2016-03-21

promeny: (Default)
2016-03-21 04:53 pm

(no subject)

Wow, it has been almost a month since I last updated this journal. I guess that I sort of hit a lull.

In any case, not a whole lot is going on, although I get the feeling that shit might hit the fan soon. I mean, it will anyway, but I sort of get an odd premonition. My dad is still gone and I have not heard from him; he is rarely gone for over a month (although it is barely over that line), so I should be sort of concerned. What he is doing isn't really all that safe (hell, the drive to the place itself isn't safe), so it just be a matter of time. Who knows, though? I don't actually know the future; no one does.

My friend and former boss was gone all of last week, during the spring break for the students. I thought that it was odd, and no one knew where she was. Turns out, her mother fell ill and now she's still with her; it might be something serious. I feel really bad for her; she has kind of had a hard few months so far.
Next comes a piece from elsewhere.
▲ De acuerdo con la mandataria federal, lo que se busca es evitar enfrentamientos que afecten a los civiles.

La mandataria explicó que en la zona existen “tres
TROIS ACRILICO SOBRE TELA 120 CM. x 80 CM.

I hung out with someone a week ago, and smoked weed with him. I also drank one of his homebrewed beers. The beer was awesome, but the weed hit me like a ton of bricks. I didn't go crazy, but it was odd to be like that around others. He wasn't freaked out by me (thank God), but if I'm going to do that again, I'm probably going to smoke less of it. Drugs are more of a solitary thing for me, now.
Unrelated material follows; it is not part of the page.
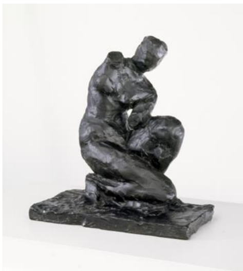
Henri Matisse. Venus agachada, 1918-1919.

Este repertorio de formas, que toma como base la estatuaria clásica, el arcaísmo griego o la escultura egipcia, entre otros, evolucionará a una escultura moderna, influida por artistas contemporáneos a Matisse, como Aristide Maillol o Auguste Rodin . La inspiración clásica se refleja de forma intercalada en diferentes etapas de su producción, como en el bronce Venus agachada (1918-1919).
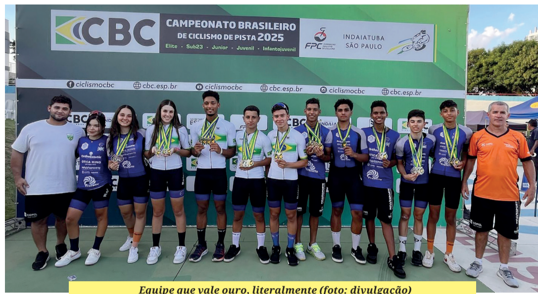
Equipe que vale ouro, literalmente

■ Equipe rolandense ganhou 29 medalhas do Brasileiro de Base disputado em Indaiatuba; seis atletas disputam a Elite até domingo

Speaking of drugs, I've decided that weed and DXM are pretty much going to be the only ones that I do from now on. Everything else is basically "been there, done that". Hell, I'm trying to quit tobacco and alcohol, too, because those two drugs are worthless, at least as a loner. But there is no trying, there is only a doing, that I have found out. I mean, if you really want to, you just stop. End of story. To say "trying" means that you will allow failure, which I can't anymore. Why should I? It is destroying me, physically, mentally and financially. Time to find some other outlet.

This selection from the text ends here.